Compare molecular and crystal structures
Introduction
This page contains a set of examples that shows how to compare molecular and crystal structures using critic2.
There are different comparison methods available, depending on whether molecules or crystals are being compared but, in general, they all render a numerical value for the similarity of a chosen pair of structures, and it is up to the user to then decide whether the structures are considered “the same” or “different” for the given similarity value. The interface to the comparison methods is the COMPARE keyword in general and COMPAREVC for comparisons between crystal structures allowing for cell distortions. We focus on COMPARE for now.
The simplest way to use the COMPARE keyword is to simply list the structures after the keyword:
COMPARE file1.xyz file2.cif file3.in . file4.out
where any of the formats supported by critic2
are allowed and .
represents the system that has been loaded by a
previous CRYSTAL or
MOLECULE command.
Comparing Molecules
Atoms Are in the Same Order
There are several different ways of comparing molecules. The most
important point to note about molecular comparison is whether the atomic
sequence is the same in all the structures being compared, that is, if
the atoms and their coordinates as they appear in the corresponding
structure files can be assumed to be in the same order. If this is the
case, then the comparison is much simpler and you should use the
SORTED keyword. For instance, the HIS_TYR_HIS
molecule in the
example contains a tripeptide from the
PEPCONF library.
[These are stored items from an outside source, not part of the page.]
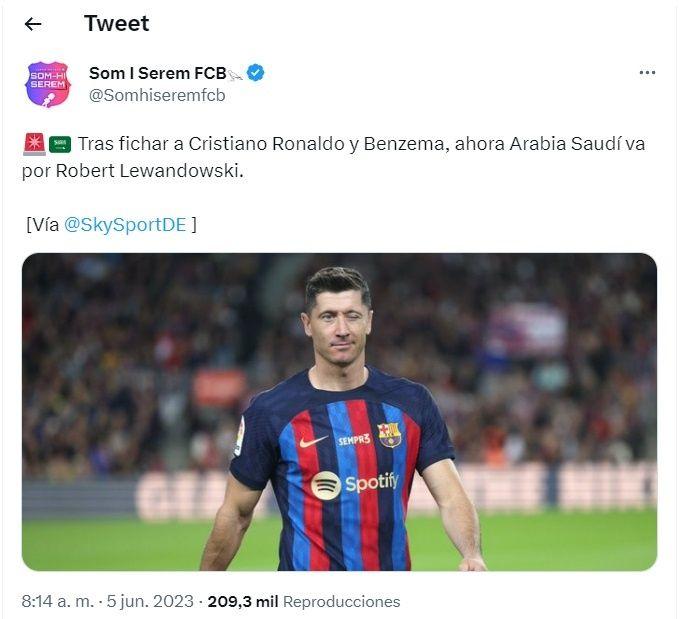 De acuerdo a la información de Sky Sport, en Arabia Saudita quieren concretar la llegada de Robert Lewandowski. Sin embargo, el atacante polaco tiene contrato vigente con FC Barcelona y el Culé pidió 500 millones de euros como resarcimiento para dejarlo partir inminente mercado de pases de verano.
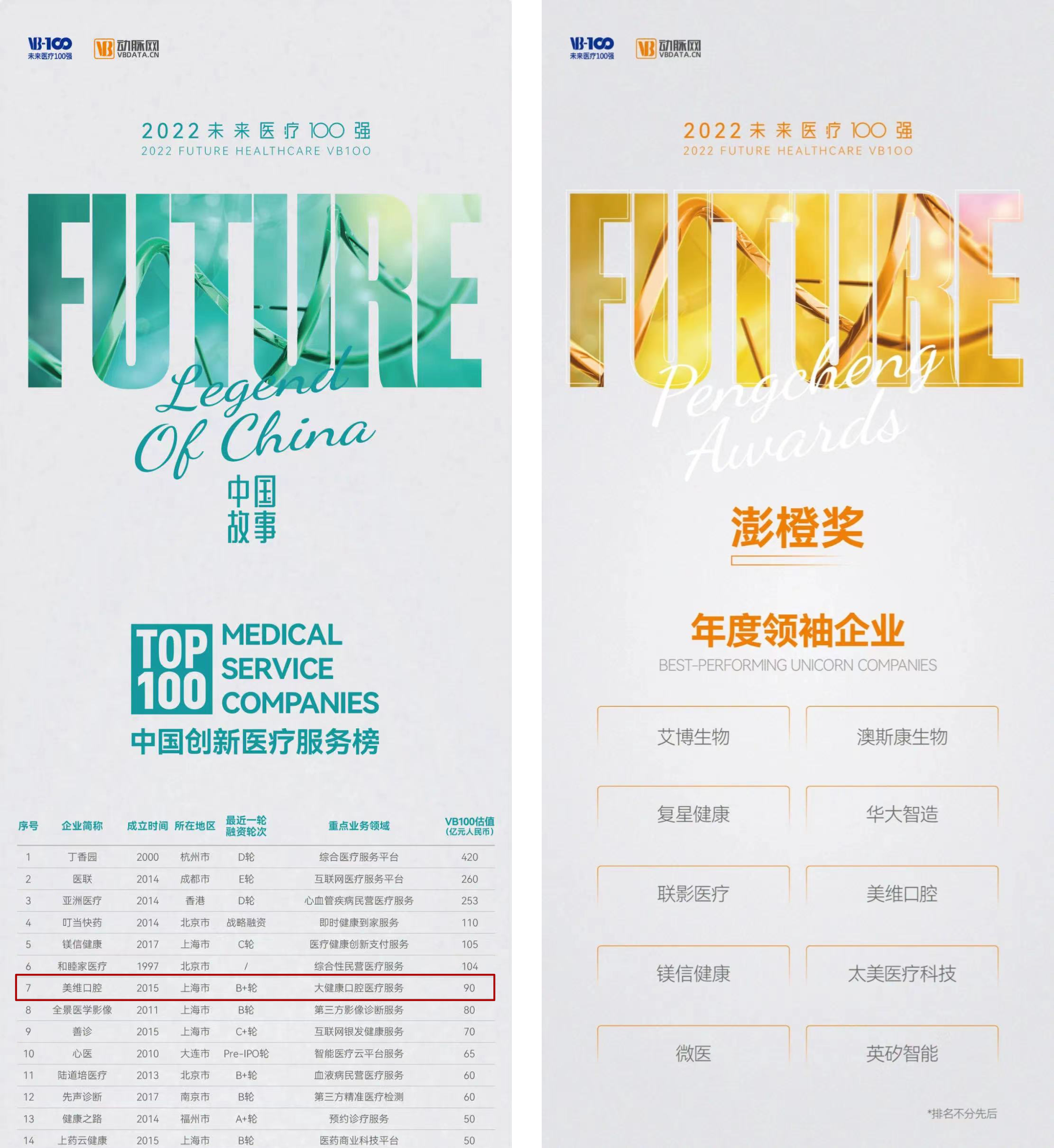 2022年6月14日—18日,以“中国故事”为主题的第六届未来医疗100强大会盛大开幕。随着2021-2022未来医疗100强各项榜单陆续揭晓,美维口腔医疗集团凭借其“DSO”赋能模式的深化发展及
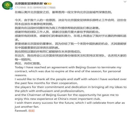 今天,由于我个人的一些原因,决定与北京国安足球俱乐部终止工作合同,这份合同本应该在本赛季结束到期。 我要向在这段时间里所有为我工作提供帮助的朋友们表达谢意。 感谢所有的球队工作人员,感谢过往数月里大家给予我的配合。 感谢所有的球员,感谢你们的奉献和努力,在场上传递出了我对于比赛的热情和追求。 更要感谢北京国安的董事长,因为你给了我一个来到中国执教的机会,尤其是能够在中国最重要的足球俱乐部执教。 我也预祝这里的所有同仁都能够在未来获得成功。 在远方,我也将会以北京国安球迷的身份继续关注和支持这支球队,去庆祝大家的每一场胜利。 再见,向你们致敬。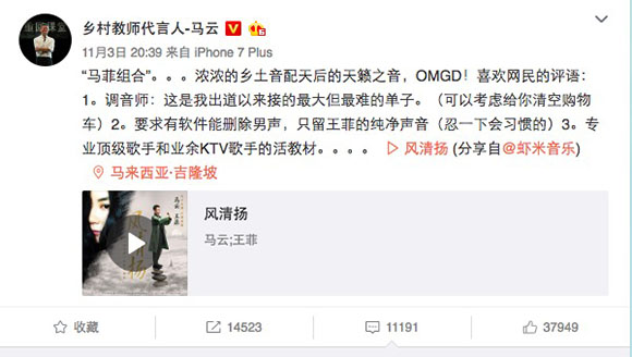 11月3日,马云和王菲合唱的《风清扬》在虾米音乐独家首发,一时被刷屏。马云现在的作品不只有阿里巴巴了。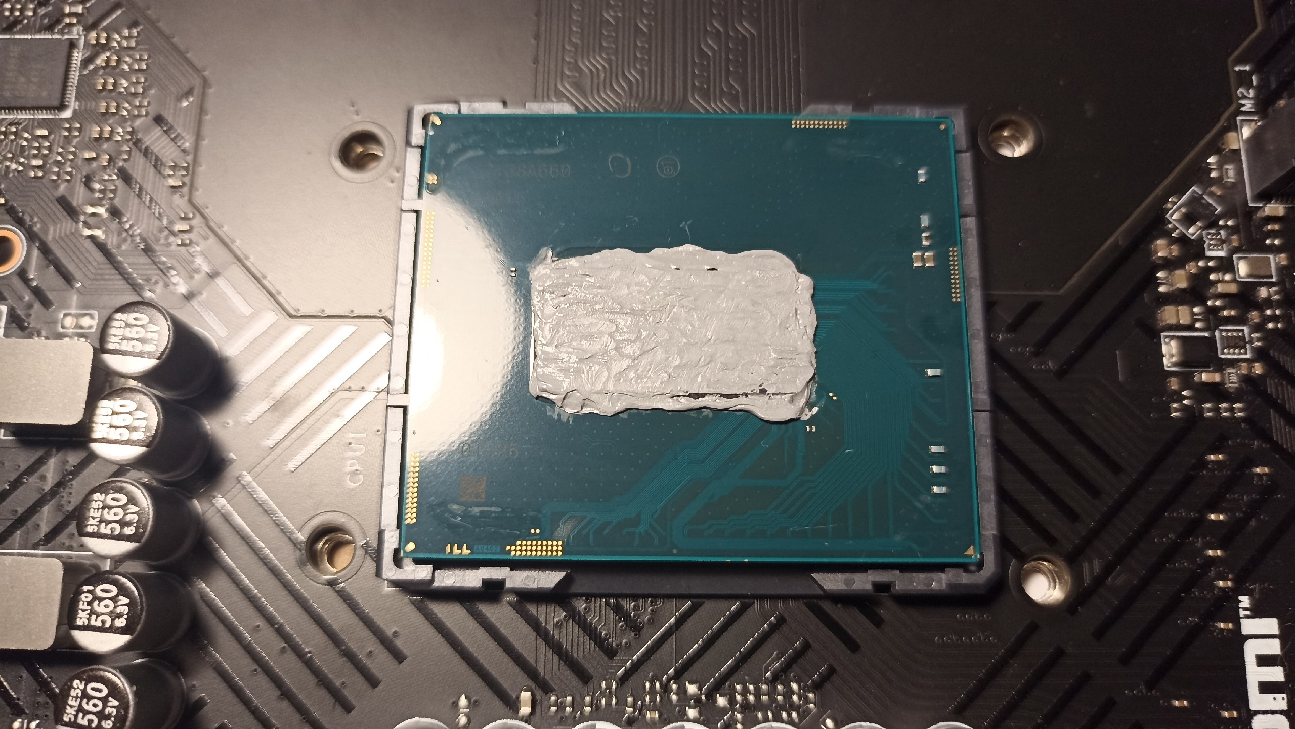 >>7647332 Рассказывал, купил рамку под сокет 1700. Думал какого хуя температура растет с рамкой. Чуть туже закрутил, стало лучше, но все еще далеко до родного прижима, потом смотрю, рамка криво встала, крышка процессора криво торчит, ну думаю герметик мешает, срезал его, все равно не встает, пока елозил, крышка отвалилась. Ну и собственно видно, в чем проблема, крышка другая.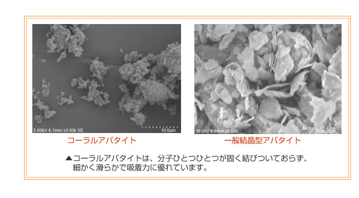 一方“コーラルアパタイト”は、与那国島の化石サンゴを由来とする希少な成分です。その特長は従来のアパタイトに比べるとミネラルが豊富なため、生体親和性に優れています。その分子は両性イオン交換特性を持ち、汚れの吸着作用にも秀でています。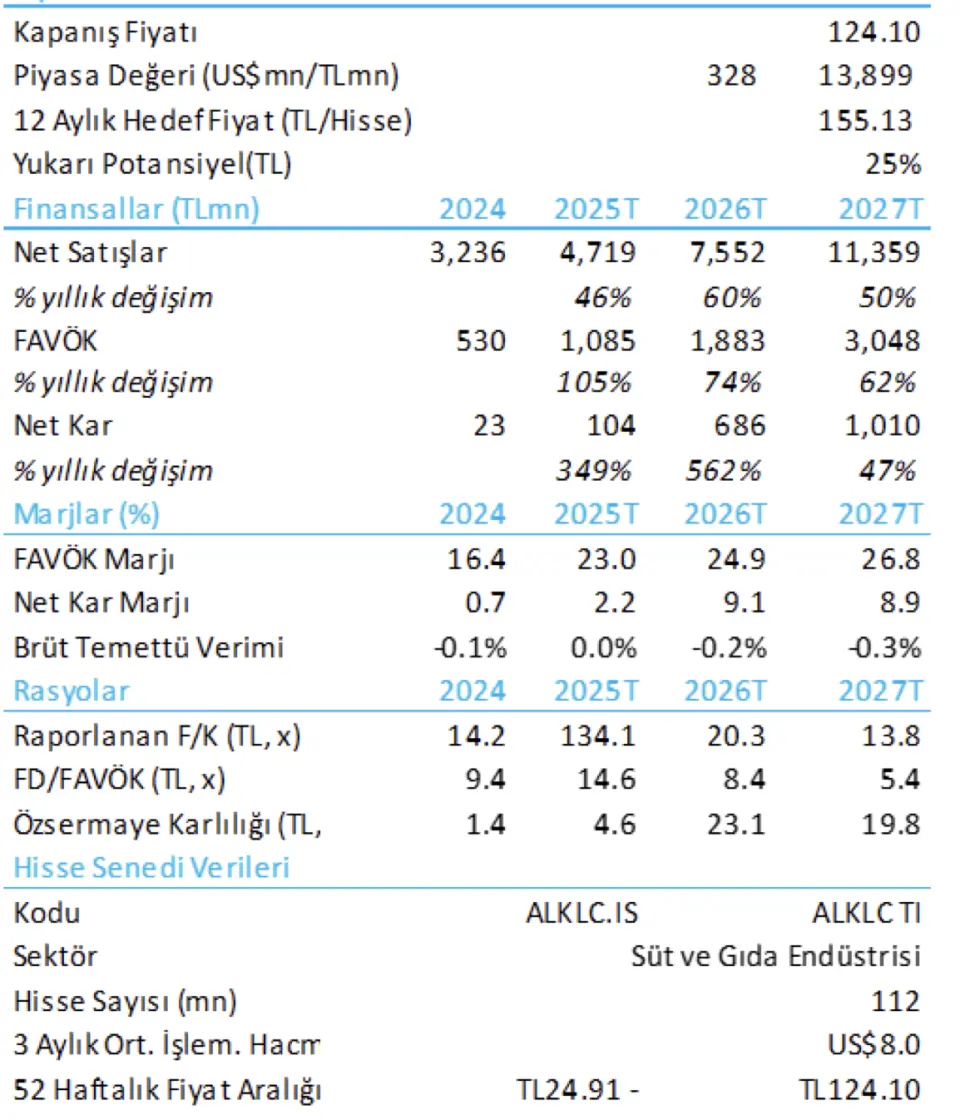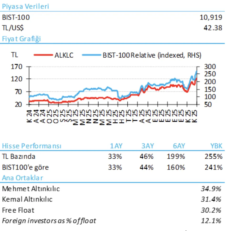- "Yılbaşından beri BIST100’e kıyasla %241 daha iyi performans gösteren ALKLC hisseleri için indirgenmiş nakit akımı (DCF), yurtiçi benzer şirket çarpanları ve yurtdışı benzer şirket çarpanları yöntemleri incelenmiştir. Ancak yurtiçi benzer şirket çarpanları yöntemine göre kıstas alınan şirketlerin ileriye dönük finansallarına dair verilerin yetersiz olması sebebi ile değerlemede indirgenmiş nakit akımları ve yurtdışı benzer şirket çarpanları eşit şekilde ağırlıklandırılmıştır."

The three
variants of this structure are:
-
HIS_TYR_HIS_0.xyz
: the original structure calculated at the LC-wPBE-XDM/aug-cc-pVTZ level of theory. -
HIS_TYR_HIS_0-rattle.xyz
: the same structure with a 0.02 standard deviation rattle imposed using ASE. -
HIS_TYR_HIS_0-sto3g.xyz
: the same structure after relaxation with B3LYP/STO-3G.
(The choice of xyz
as the format for these files is immaterial; any
format accepted by critic2 can be used.)
Neither the rattle nor the geometry relaxation alter the order of the
atoms in this molecule, and therefore the comparison can be carried
out assuming the atomic sequence is the same, with:
compare sorted HIS_TYR_HIS_0-sto3g.xyz HIS_TYR_HIS_0-rattle.xyz HIS_TYR_HIS_0.xyz
For a given pair of molecules, the comparison is carried out by translating the centers of mass of both molecules to the origin and then finding the rotation that brings one of them in closest agreement with the other in the least-squares sense. The output is:
* COMPARE: compare structures
Molecule 1 : HIS_TYR_HIS_0-sto3g.xyz
Molecule 2 : HIS_TYR_HIS_0-rattle.xyz
Molecule 3 : HIS_TYR_HIS_0.xyz
# Assuming the atom sequence is the same in all molecules.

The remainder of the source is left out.